La cardiomiopatia Takotsubo, detta anche cardiomiopatia da stress o sindrome del cuore infranto,  è una sindrome (insieme di segni e sintomi) caratterizzata da disfunzione sistolica regionale acuta del ventricolo sinistro, spesso correlata a stress psicofisico acuto. Colpisce soprattutto le donne, con un rapporto tra femmine e maschi variabile da 6 a 12:1; soprattutto dopo i 55 anni di età. Essa simula perfettamente il quadro clinico dell‘infarto miocardico acuto: dolore precordiale, alterazioni dell’elettrocardiogramma come ischemia cardiaca e lieve aumento degli indici ematici di miocardionecrosi. Tuttavia le coronarie di questi soggetti (le arteriole che nutrono il cuore, occluse in caso di infarto) sono pervie e funzionanti.

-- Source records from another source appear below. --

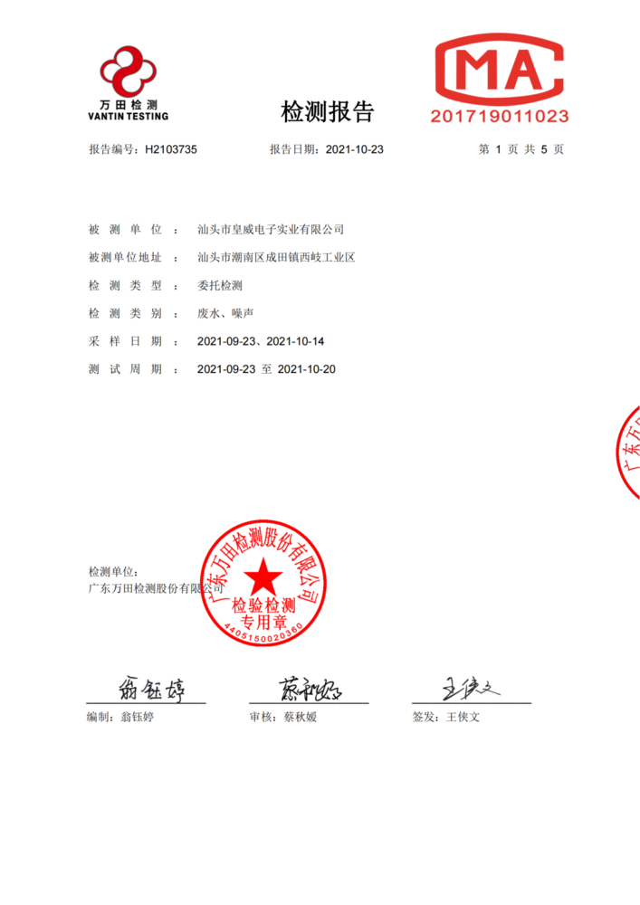 信息公开单位名称:汕头市皇威电子实业有限公司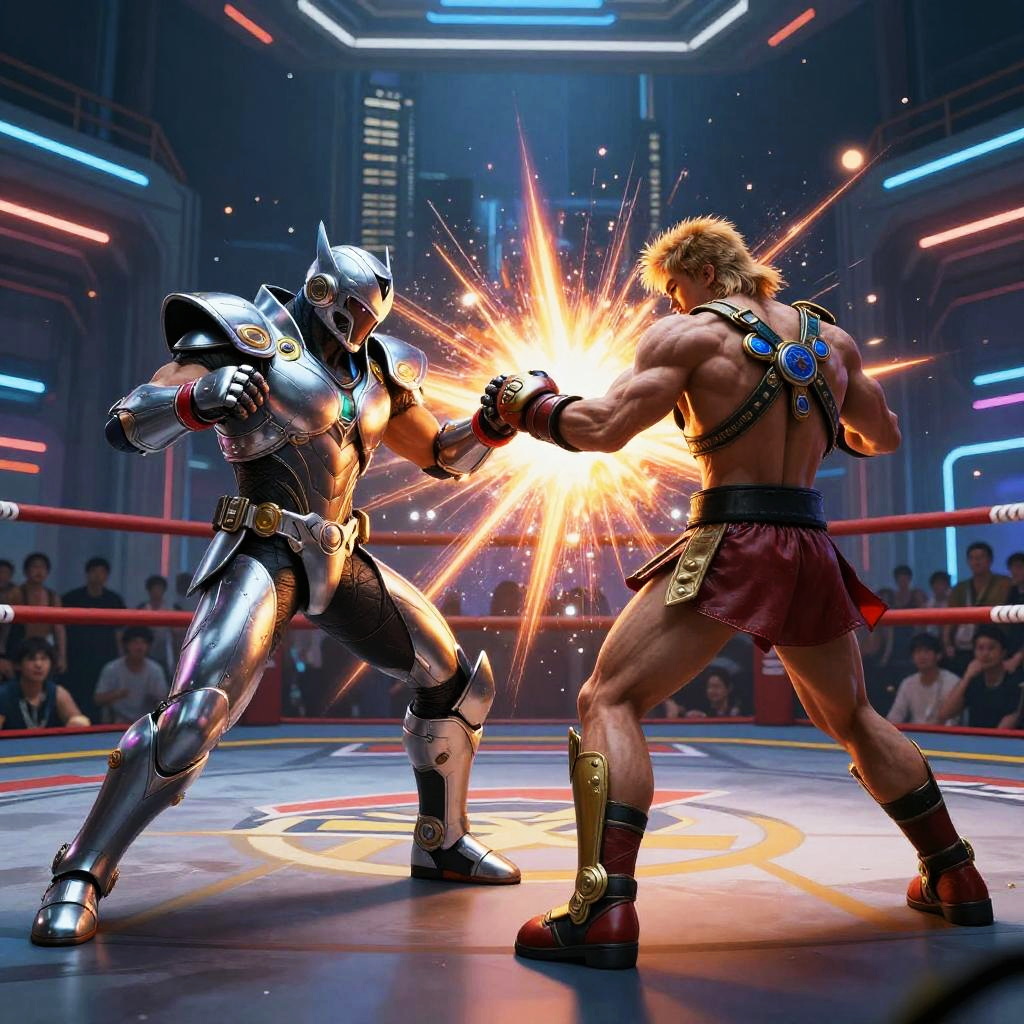 Oil painting of lucha libre wrestlers styled in Basquiat’s art. The scene has a raw, energetic vibe with expressive strokes.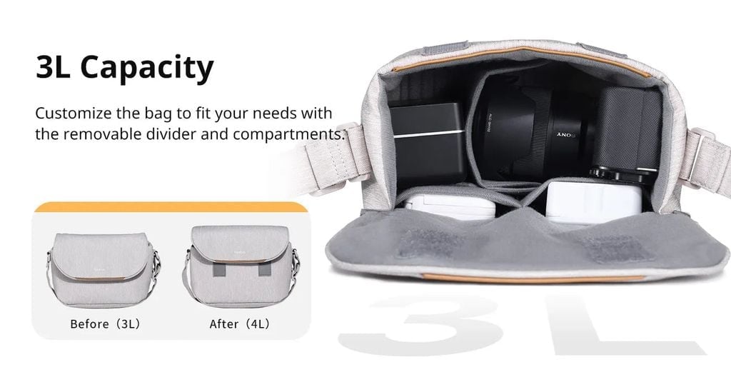 Túi có ngăn đựng DIY với ngăn chia và ngăn có thể tháo rời, cho phép bạn tùy chỉnh bên trong để phù hợp với nhu cầu cụ thể của mình. Băng Velcro giúp bạn dễ dàng và nhanh chóng lấy thiết bị của mình, đồng thời mở rộng dung tích một cách dễ dàng từ 3L lên 4L.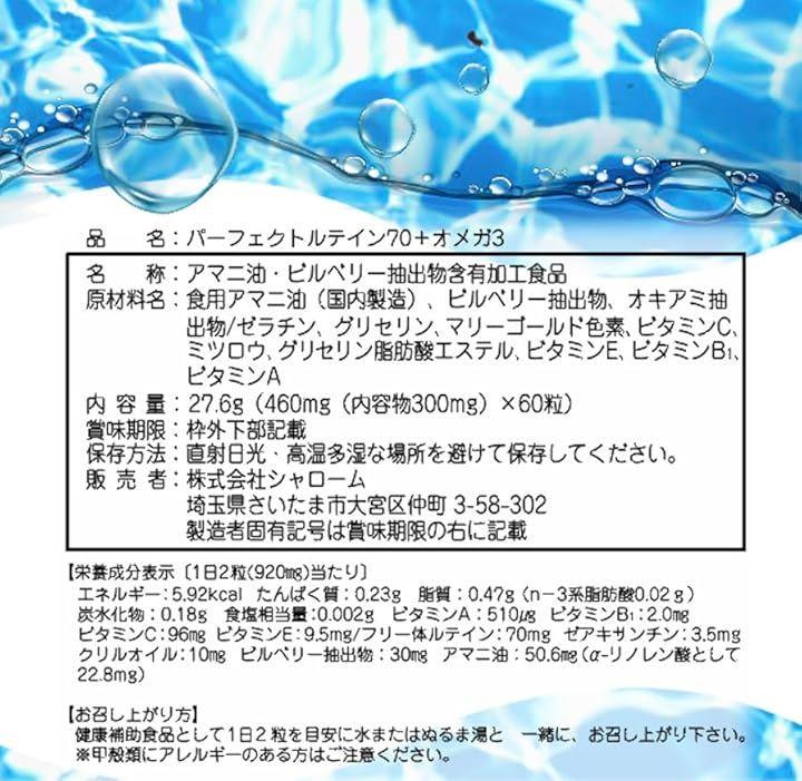 パーフェクトルテイン70+オメガ3は1日あたり2粒にフリー体ルテイン:70mg・ビルベリーエキス:30mg(アントシアニン10.8mg)・ビタミンA:510μg・ビタミンB1:2.0mg・ビタミンC:96mg・ビタミンE:9.5mg・ゼアキサンチン:3.5mg・クリルオイル:10mg・α-リノレン酸:22.8mgをたっぷり贅沢配合しました。

Tende in genere ad autorisolversi, tuttavia si può complicare con lo shock cardiogeno, l’arresto cardiaco e la rottura del miocardio.

takotsubo
Fonte: giornaledicardiologia.it

Il quadro clinico

Come già detto, la cardiopatia Takotsubo insorge con gli stessi segni e sintomi dell’infarto miocardico acuto (IMA):

  • dolore precordiale:  i soggetti avvertono un dolore al centro del petto (precordio), che non varia con la posizione e non è correlato alla respirazione;
  • alterazioni dell’elettrocardiogramma (ECG): l’elettrocardiogramma di questi pazienti è alterato nel tratto ST, ovvero nella fase di ripolarizzazione (come avviene in caso di ischemia cardiaca);
  • aumento degli indici ematici di miocardionecrosi: quando le cellule del cuore (miocardiociti) vengono danneggiate rilasciano in circolo alcune proteine specifiche (troponina) nel circolo sanguigno;
  • disfunzione sistolica: all’ecocardiografia (ecografia del cuore) si può vedere come il cuore sia in sofferenza e alcune aree di esso si muovano male (nella forma tipica di Takotsubo è l’apice ad essere ipocinetico).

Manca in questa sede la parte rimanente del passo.